Every line below from the one with "وهذه الأشراط التي" through the one with "Ausway 5 Level" should be retyped exactly, both ends included; no other lines and no pictures.

[[ Materials provided, beginning ]]

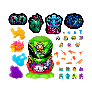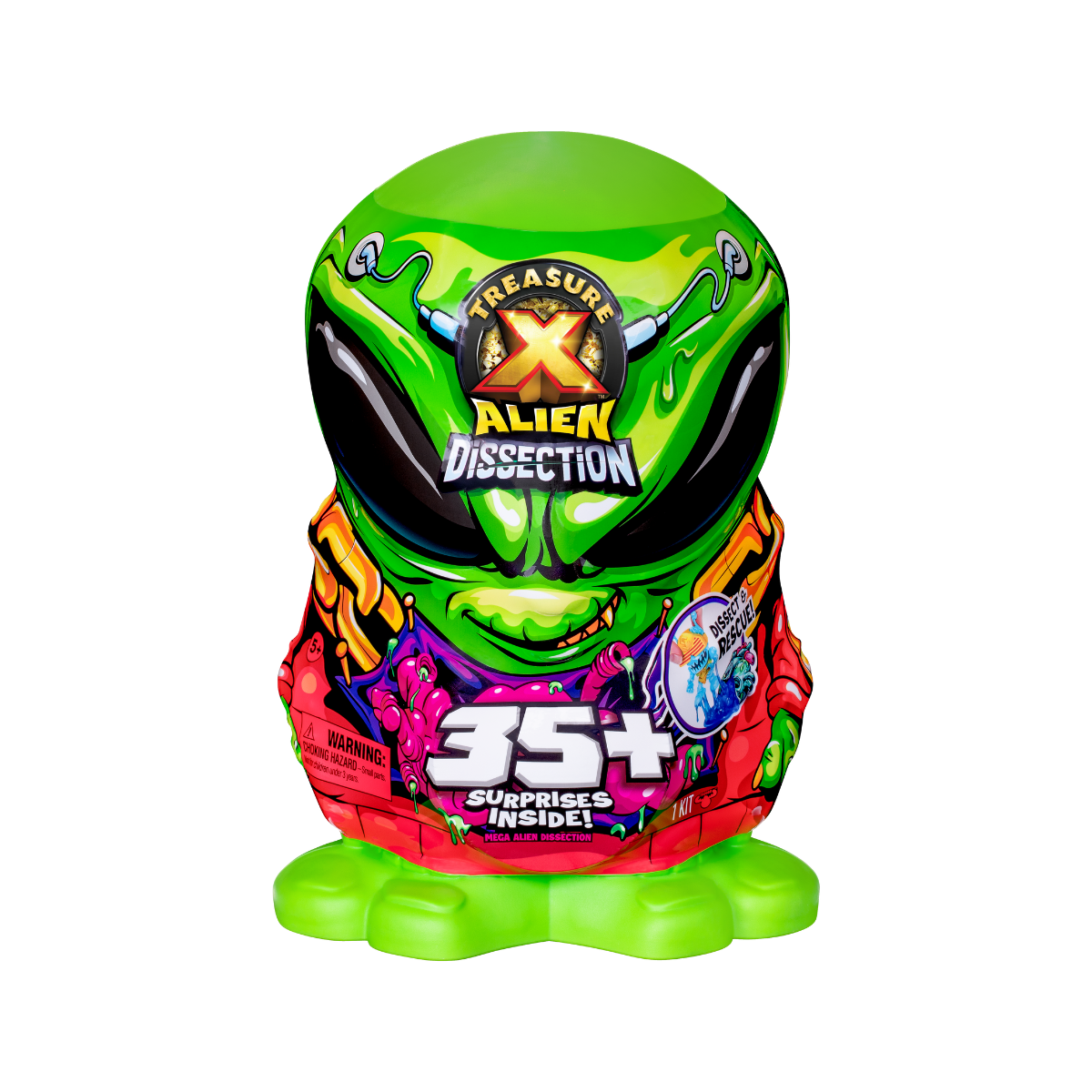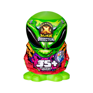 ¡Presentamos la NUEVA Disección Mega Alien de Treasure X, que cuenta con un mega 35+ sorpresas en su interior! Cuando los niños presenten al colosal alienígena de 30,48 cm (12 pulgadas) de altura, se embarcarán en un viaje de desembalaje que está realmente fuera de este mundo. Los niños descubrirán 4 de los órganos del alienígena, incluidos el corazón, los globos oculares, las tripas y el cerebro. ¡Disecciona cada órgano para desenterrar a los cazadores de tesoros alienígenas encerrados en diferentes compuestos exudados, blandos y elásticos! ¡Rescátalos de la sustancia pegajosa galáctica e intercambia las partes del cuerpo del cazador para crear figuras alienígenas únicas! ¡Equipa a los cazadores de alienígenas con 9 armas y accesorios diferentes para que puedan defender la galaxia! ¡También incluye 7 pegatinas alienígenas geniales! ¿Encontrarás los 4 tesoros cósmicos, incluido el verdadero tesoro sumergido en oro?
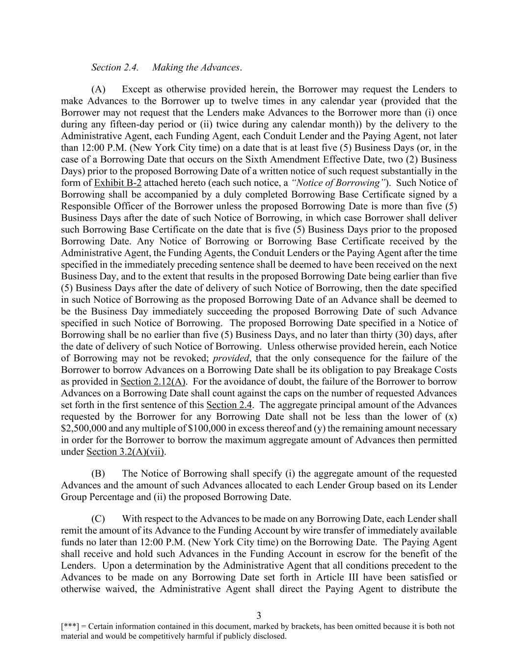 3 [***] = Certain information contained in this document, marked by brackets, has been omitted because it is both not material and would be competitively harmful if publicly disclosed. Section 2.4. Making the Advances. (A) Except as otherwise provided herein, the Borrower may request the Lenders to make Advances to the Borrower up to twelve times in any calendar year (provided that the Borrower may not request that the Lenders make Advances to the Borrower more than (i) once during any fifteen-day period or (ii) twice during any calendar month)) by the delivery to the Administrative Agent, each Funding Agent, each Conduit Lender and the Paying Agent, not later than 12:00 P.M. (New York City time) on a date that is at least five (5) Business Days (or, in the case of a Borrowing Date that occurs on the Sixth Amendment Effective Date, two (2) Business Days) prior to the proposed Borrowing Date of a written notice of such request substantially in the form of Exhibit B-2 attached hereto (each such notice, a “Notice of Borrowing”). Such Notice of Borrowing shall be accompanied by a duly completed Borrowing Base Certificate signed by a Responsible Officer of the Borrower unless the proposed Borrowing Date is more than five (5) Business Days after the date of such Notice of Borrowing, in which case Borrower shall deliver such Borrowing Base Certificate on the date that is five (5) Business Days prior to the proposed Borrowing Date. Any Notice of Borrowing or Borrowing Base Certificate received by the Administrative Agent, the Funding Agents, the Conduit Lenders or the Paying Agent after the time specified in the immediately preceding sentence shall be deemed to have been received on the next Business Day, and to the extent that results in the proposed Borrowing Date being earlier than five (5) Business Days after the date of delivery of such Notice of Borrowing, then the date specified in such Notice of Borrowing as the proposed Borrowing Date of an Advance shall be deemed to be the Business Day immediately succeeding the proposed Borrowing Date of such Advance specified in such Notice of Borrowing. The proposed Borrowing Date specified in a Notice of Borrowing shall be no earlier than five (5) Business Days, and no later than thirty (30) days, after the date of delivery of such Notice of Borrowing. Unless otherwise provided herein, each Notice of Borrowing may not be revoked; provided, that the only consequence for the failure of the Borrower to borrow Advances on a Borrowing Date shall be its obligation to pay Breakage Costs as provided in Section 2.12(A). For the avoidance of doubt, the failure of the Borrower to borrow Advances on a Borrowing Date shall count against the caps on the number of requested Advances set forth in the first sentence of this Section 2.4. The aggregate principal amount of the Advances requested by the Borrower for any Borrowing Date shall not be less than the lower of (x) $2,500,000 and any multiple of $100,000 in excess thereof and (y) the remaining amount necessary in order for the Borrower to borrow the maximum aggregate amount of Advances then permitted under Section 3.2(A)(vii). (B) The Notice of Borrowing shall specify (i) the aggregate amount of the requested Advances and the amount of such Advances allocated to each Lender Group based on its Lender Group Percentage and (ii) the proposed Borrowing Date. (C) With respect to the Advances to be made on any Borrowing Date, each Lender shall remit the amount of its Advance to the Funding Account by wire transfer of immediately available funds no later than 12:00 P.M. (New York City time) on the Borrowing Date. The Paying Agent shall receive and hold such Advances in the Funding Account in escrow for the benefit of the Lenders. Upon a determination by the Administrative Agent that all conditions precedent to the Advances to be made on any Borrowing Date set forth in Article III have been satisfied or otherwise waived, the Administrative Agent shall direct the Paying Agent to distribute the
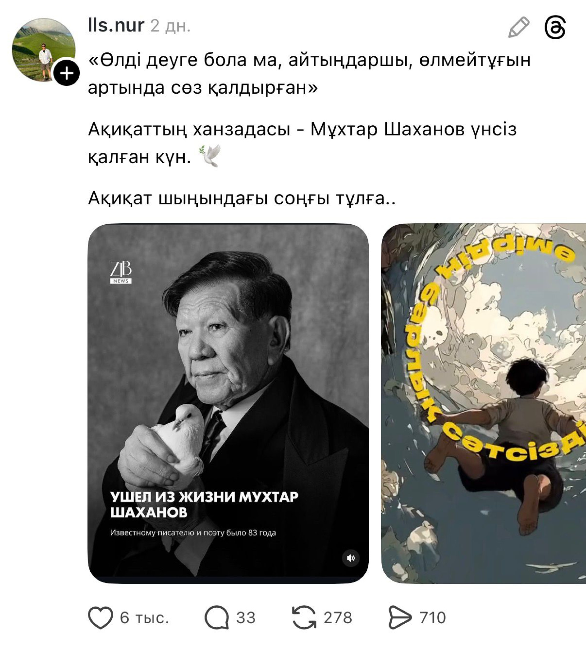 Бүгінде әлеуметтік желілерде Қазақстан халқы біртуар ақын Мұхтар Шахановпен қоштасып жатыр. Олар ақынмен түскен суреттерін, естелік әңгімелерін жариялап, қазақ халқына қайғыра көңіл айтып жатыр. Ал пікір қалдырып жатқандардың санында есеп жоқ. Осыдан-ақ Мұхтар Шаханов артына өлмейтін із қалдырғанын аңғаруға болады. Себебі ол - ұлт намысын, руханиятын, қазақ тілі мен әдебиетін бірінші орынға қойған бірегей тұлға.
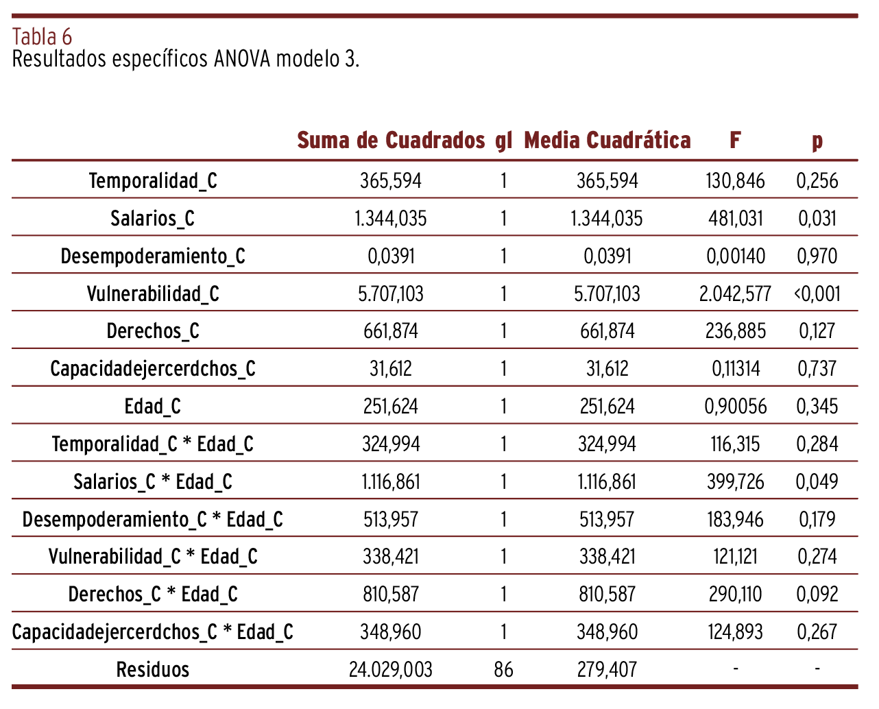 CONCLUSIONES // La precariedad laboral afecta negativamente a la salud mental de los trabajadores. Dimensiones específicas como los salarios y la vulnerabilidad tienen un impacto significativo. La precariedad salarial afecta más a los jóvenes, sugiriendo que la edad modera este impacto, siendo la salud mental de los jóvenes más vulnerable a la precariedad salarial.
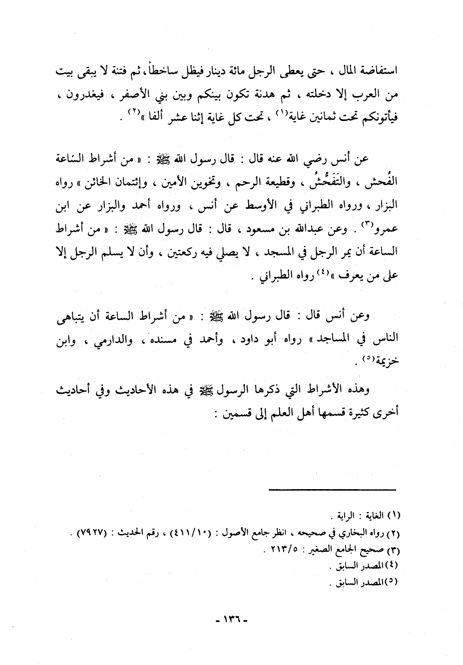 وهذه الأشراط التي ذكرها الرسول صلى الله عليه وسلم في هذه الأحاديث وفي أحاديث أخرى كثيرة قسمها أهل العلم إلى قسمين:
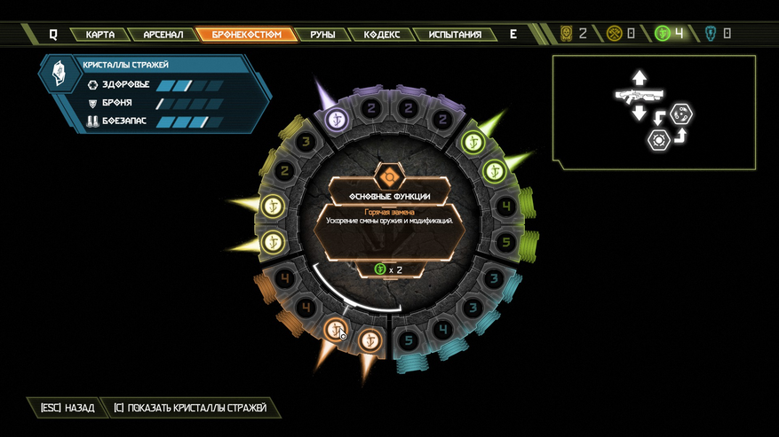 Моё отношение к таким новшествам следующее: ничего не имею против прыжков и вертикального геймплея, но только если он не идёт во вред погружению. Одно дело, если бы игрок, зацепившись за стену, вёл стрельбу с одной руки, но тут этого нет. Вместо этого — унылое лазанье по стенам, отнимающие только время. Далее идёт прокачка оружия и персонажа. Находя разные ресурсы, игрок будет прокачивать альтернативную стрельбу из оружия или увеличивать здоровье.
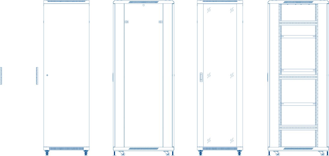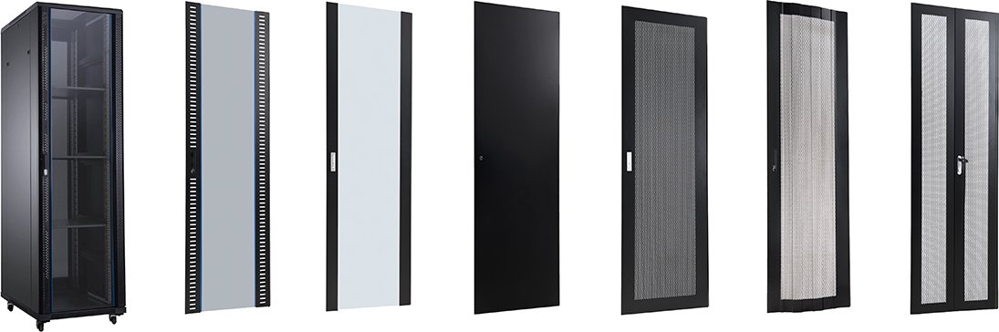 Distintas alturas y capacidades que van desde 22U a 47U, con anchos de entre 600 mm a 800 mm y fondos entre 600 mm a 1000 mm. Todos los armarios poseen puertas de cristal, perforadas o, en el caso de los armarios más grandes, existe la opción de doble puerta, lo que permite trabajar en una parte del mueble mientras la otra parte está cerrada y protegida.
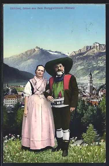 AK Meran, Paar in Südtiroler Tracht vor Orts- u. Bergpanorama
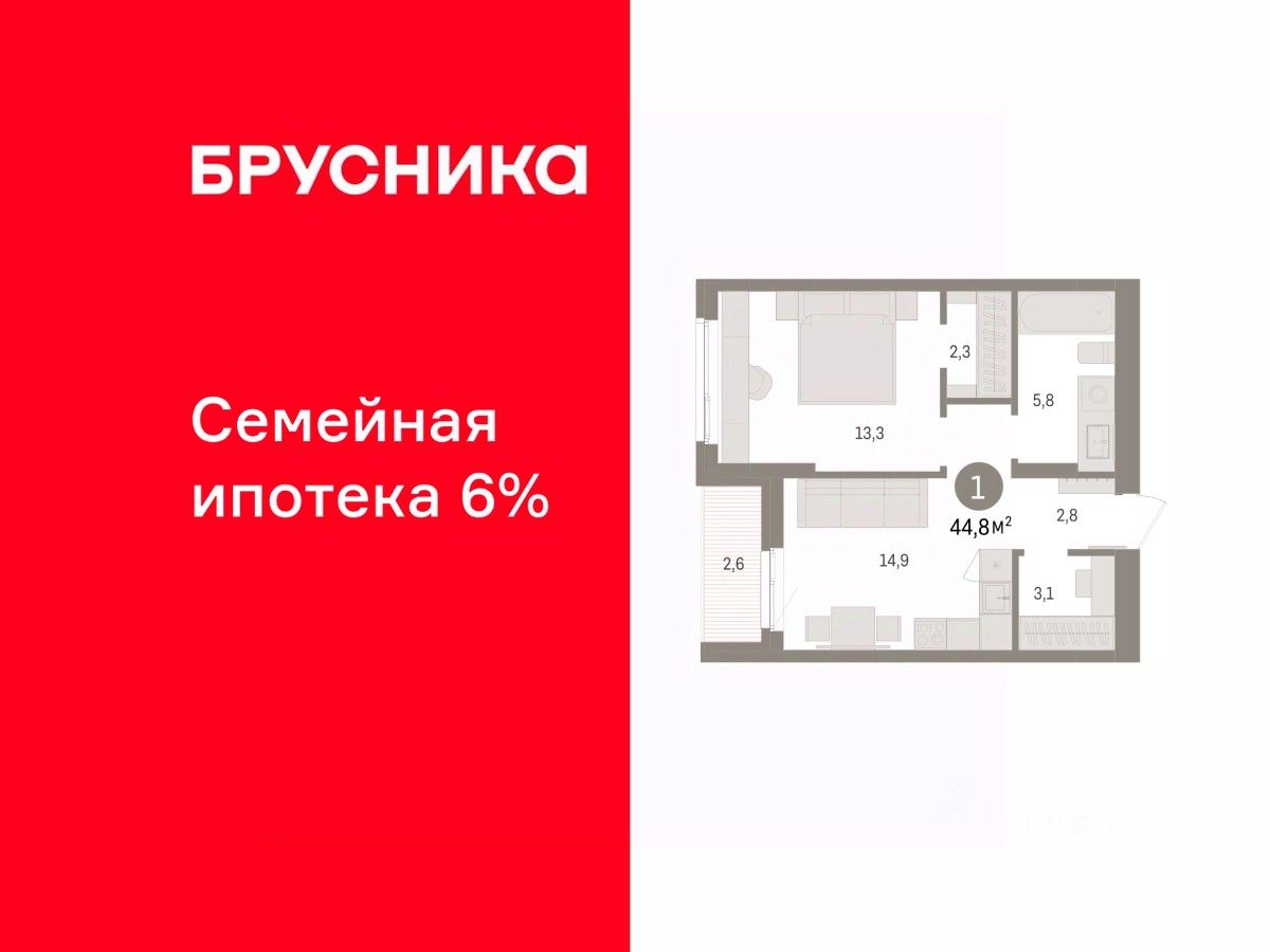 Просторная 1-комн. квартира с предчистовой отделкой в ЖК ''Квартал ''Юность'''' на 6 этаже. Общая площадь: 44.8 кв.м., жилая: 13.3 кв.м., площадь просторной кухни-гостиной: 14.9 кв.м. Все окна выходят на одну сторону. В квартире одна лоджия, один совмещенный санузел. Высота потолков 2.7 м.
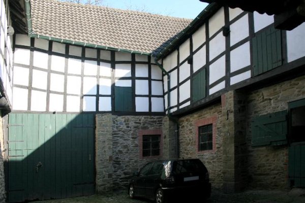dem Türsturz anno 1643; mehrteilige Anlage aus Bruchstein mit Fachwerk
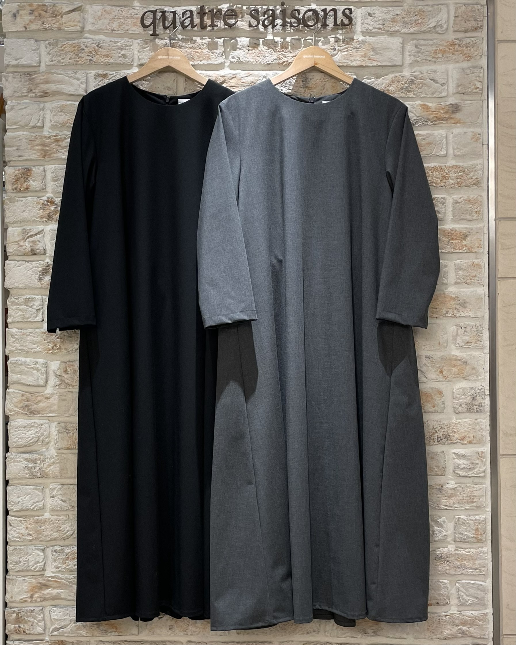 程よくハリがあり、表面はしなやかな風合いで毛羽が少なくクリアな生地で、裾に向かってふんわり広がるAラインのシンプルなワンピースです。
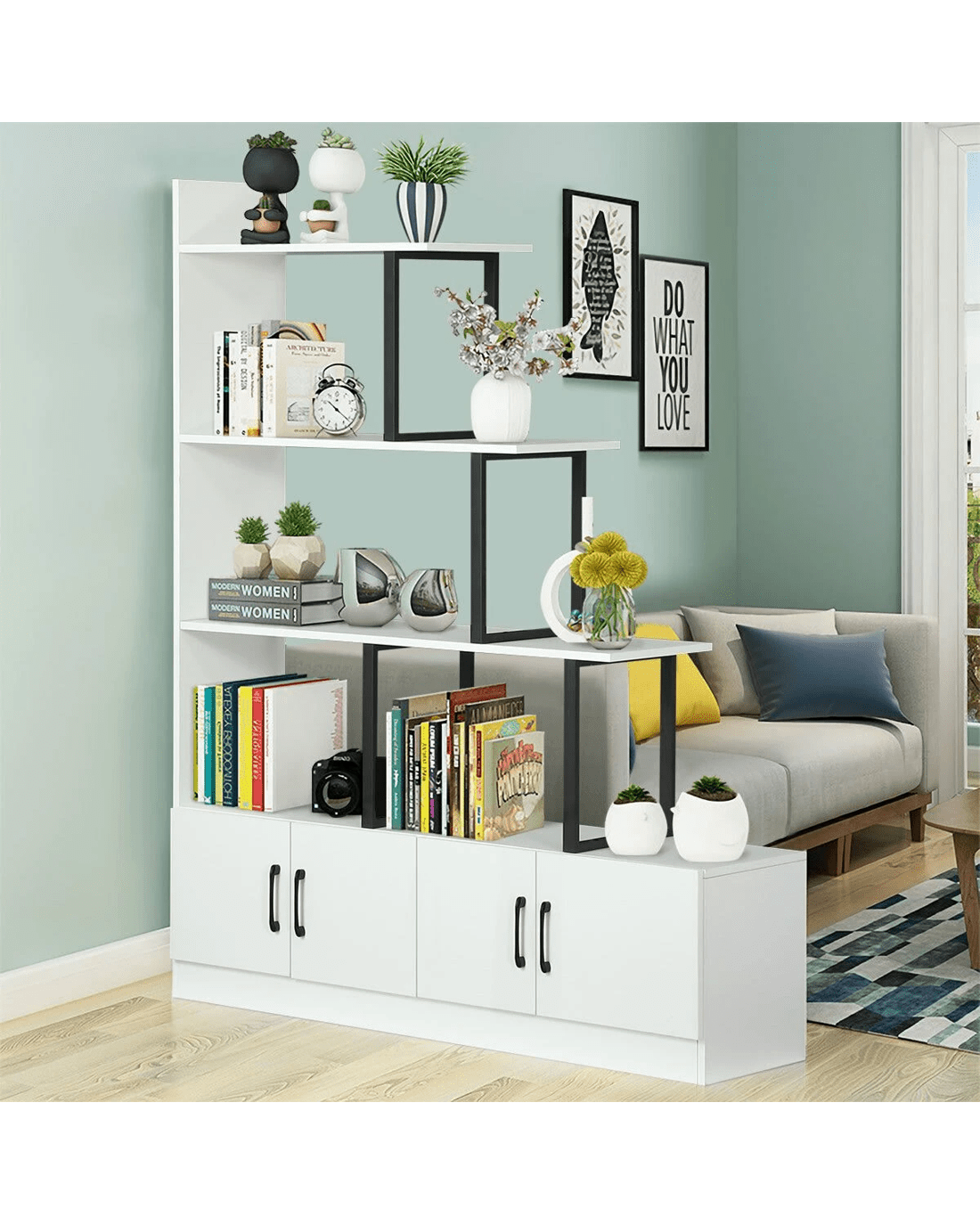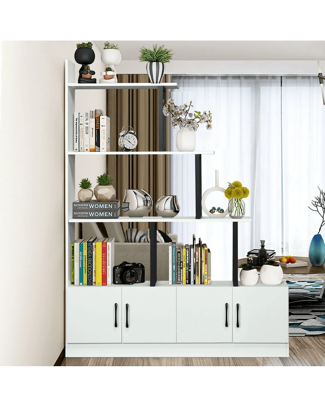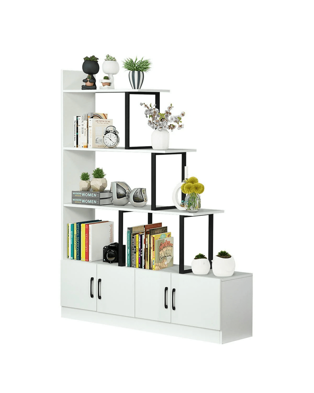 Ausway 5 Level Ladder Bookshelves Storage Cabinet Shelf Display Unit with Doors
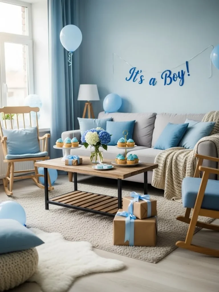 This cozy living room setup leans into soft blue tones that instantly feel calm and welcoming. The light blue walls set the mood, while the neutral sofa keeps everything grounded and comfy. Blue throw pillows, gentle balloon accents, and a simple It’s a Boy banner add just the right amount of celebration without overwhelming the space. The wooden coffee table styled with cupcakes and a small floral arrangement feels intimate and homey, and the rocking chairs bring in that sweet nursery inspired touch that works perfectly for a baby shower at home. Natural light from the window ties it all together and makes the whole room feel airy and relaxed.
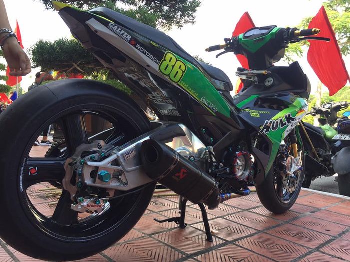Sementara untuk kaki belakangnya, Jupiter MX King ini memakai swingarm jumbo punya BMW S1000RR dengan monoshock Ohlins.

[[ Materials provided, end ]]

■ Response to this task
 وهذه الأشراط التي ذكرها الرسول صلى الله عليه وسلم في هذه الأحاديث وفي أحاديث أخرى كثيرة قسمها أهل العلم إلى قسمين:
 Моё отношение к таким новшествам следующее: ничего не имею против прыжков и вертикального геймплея, но только если он не идёт во вред погружению. Одно дело, если бы игрок, зацепившись за стену, вёл стрельбу с одной руки, но тут этого нет. Вместо этого — унылое лазанье по стенам, отнимающие только время. Далее идёт прокачка оружия и персонажа. Находя разные ресурсы, игрок будет прокачивать альтернативную стрельбу из оружия или увеличивать здоровье.
 Distintas alturas y capacidades que van desde 22U a 47U, con anchos de entre 600 mm a 800 mm y fondos entre 600 mm a 1000 mm. Todos los armarios poseen puertas de cristal, perforadas o, en el caso de los armarios más grandes, existe la opción de doble puerta, lo que permite trabajar en una parte del mueble mientras la otra parte está cerrada y protegida.
 AK Meran, Paar in Südtiroler Tracht vor Orts- u. Bergpanorama
 Просторная 1-комн. квартира с предчистовой отделкой в ЖК ''Квартал ''Юность'''' на 6 этаже. Общая площадь: 44.8 кв.м., жилая: 13.3 кв.м., площадь просторной кухни-гостиной: 14.9 кв.м. Все окна выходят на одну сторону. В квартире одна лоджия, один совмещенный санузел. Высота потолков 2.7 м.
dem Türsturz anno 1643; mehrteilige Anlage aus Bruchstein mit Fachwerk
 程よくハリがあり、表面はしなやかな風合いで毛羽が少なくクリアな生地で、裾に向かってふんわり広がるAラインのシンプルなワンピースです。
 Ausway 5 Level Ladder Bookshelves Storage Cabinet Shelf Display Unit with Doors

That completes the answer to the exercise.